Exercise – Your output should match the listing below word for word, without any images.

====== Data block

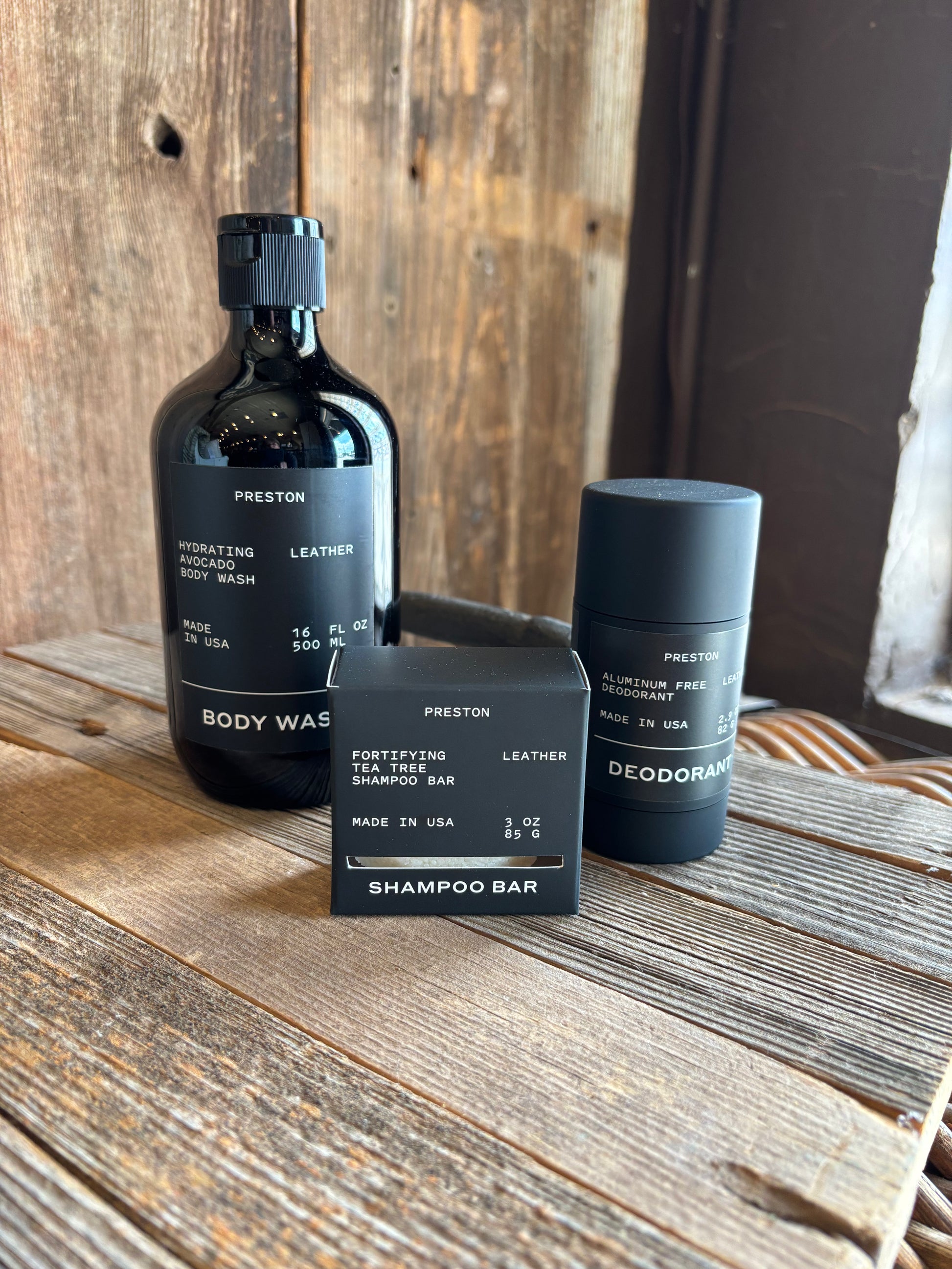 Preston for Men is made in the USA. Hydrating avacado body wash, aluminum free deodorant & fortifying tea tree shampoo bar in a masculine scent.
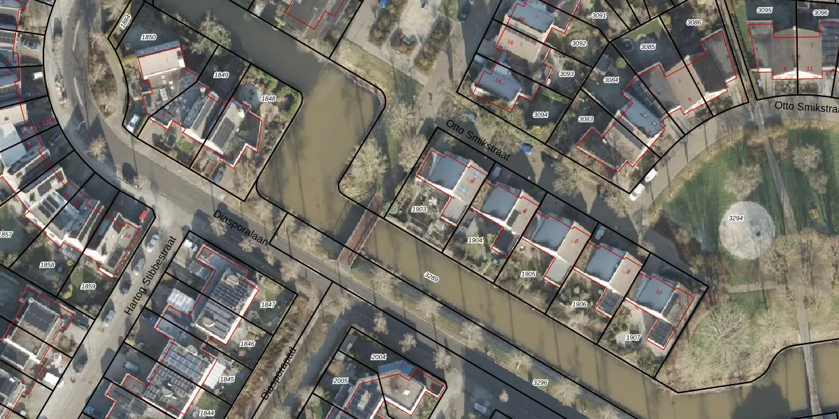 Gebruik de zoekbalk of klik op een perceel om informatie over het perceel te bekijken.
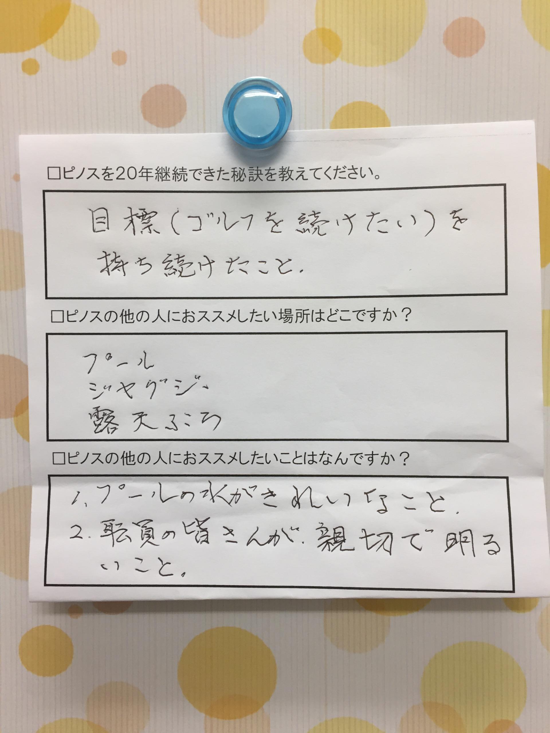 その中から、最年長の方のアンケートをご紹介します。

============

Solution –
 Preston for Men is made in the USA. Hydrating avacado body wash, aluminum free deodorant & fortifying tea tree shampoo bar in a masculine scent.
 Gebruik de zoekbalk of klik op een perceel om informatie over het perceel te bekijken.
 その中から、最年長の方のアンケートをご紹介します。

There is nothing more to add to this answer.